Figure 11.

A proposed model for PINA/Hjm/Hjc to process a stalled DNA replication fork. A stalled DNA replication fork (blue, red, yellow, and magenta strands) is recognized and bound by Hjm (green), which proceeds to regress the replication fork and form a HJ structure. Either Hjc (right) or PINA (down) is recruited to the HJ structure by Hjm. The Hjc dimer (gray and orange) binding to the HJ facilitates DNA handover from Hjm to Hjc, prompting Hjm dismissal and turning the open HJ into an X-HJ structure that is nicked by two Hjc dimers (PDB: 2WJ0). Alternatively, a PINA (white) monomer is recruited by Hjm through the interaction of Hjm and the PINA KH domain (cyan), leading to the assembly of the PINA hexamer on the HJ DNA and the dissociation of Hjm. Two PINA hexamers (white surface) are formed on two opposing HJ arms and mediate HJ migration powered by ATP hydrolysis. Two Hjc dimers then bind to the HJ and interact with the PINA C-terminal domains, destabilizing the PINA hexamers.
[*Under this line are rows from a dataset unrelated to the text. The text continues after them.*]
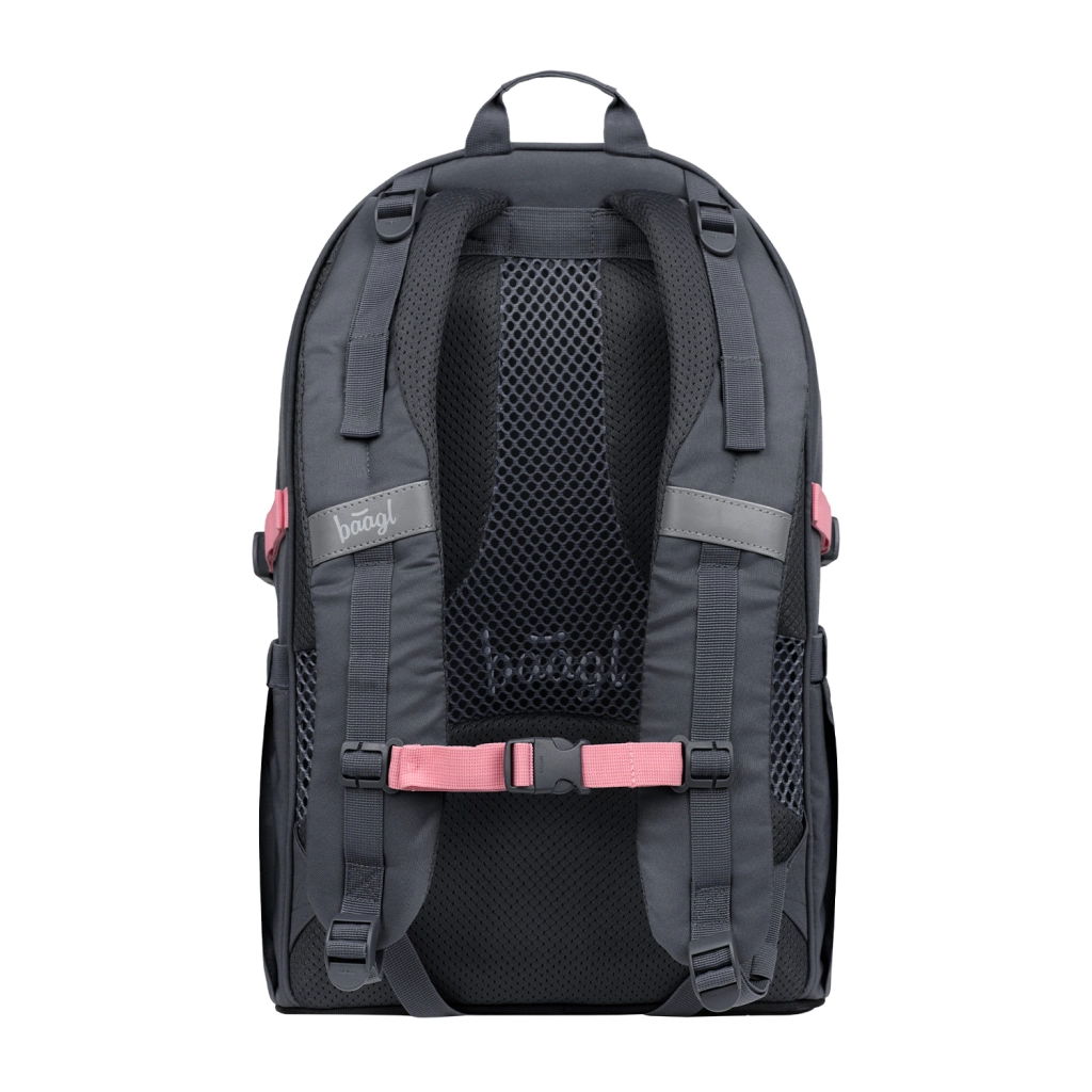 Šolski set BAAGL Core Logo rožnat je zasnovan za vsakodnevno udobje in maksimalen pregled. Nahrbtnik s prostornino 25 l in težo le 900 g ponuja tri prekate, notranji organizator, termo žep za malico in oblazinjen žep za 15" prenosnik. Anatomsko oblikovano, zračno hrbtišče ter nastavljive naramnice zagotavljajo zdravo nošenje in enakomerno porazdelitev bremena.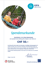 - Alternativ können Sie auch per Einzahlungsschein bezahlen. Senden Sie uns dazu eine Email an spendenextra@stiftung-kifa.ch mit den unter Punkt 3 genannten Angaben, dem gewünschten Betrag und dem Betreff: Spendenurkunde.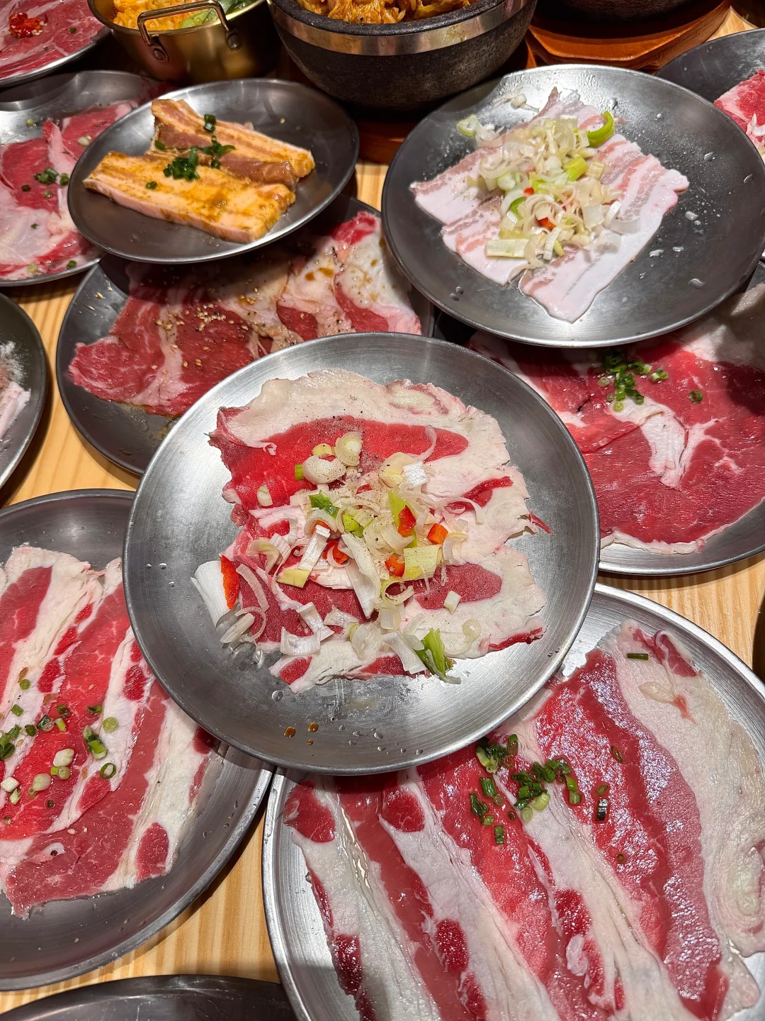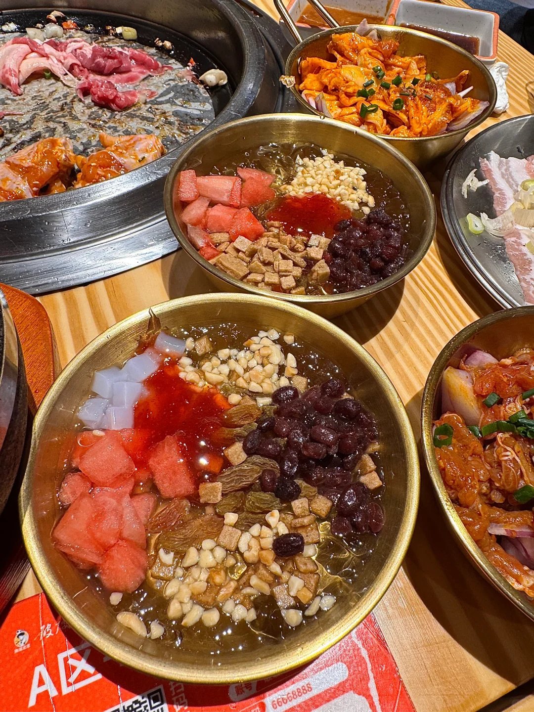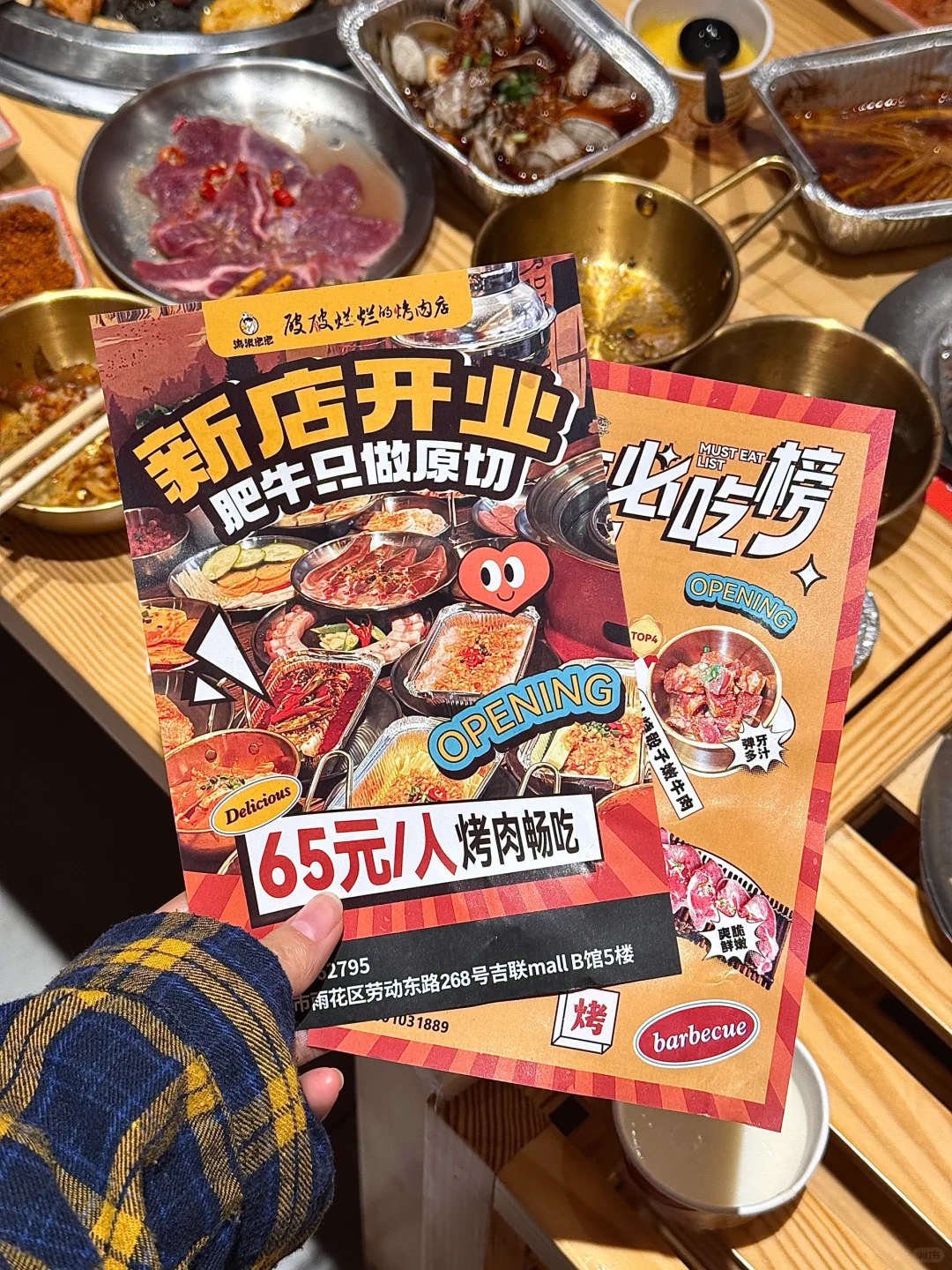 真诚发问🙋♀️老板真不怕被吃垮嘛😂 破破烂烂烤肉才65r一位!吃到扶墙出。。。性价比真的无敌顶🆙 ✅原切肥牛…黑椒五花…椒盐葱香肥牛…香辣嫩牛肉…好多好多种类🉑供选择😭胃口大的可以通通来一遍!!哈哈哈哈真的是肉食爱好者的快乐老家🎉 ✅肉的品质也都很不错👍 ✅店内还有冰粉和饮料🥤冰淇淋🍦都是随便喝随便拿(建议吃多少拿多少哈!) 缺点就是建议早点去!!因为晚了会排队😭

After PINA hexamers are released, the two Hjc dimers turn the open HJ into the X-HJ structure and mediate two symmetric cuts. HJ migration directionality is indicated by colored arrows. Preferred HJ cleavages by Hjc are indicated with solid arrows while alternative HJ cleavages are indicated with dashed arrows. Unfolded PINA KH domains are indicated by cyan lines.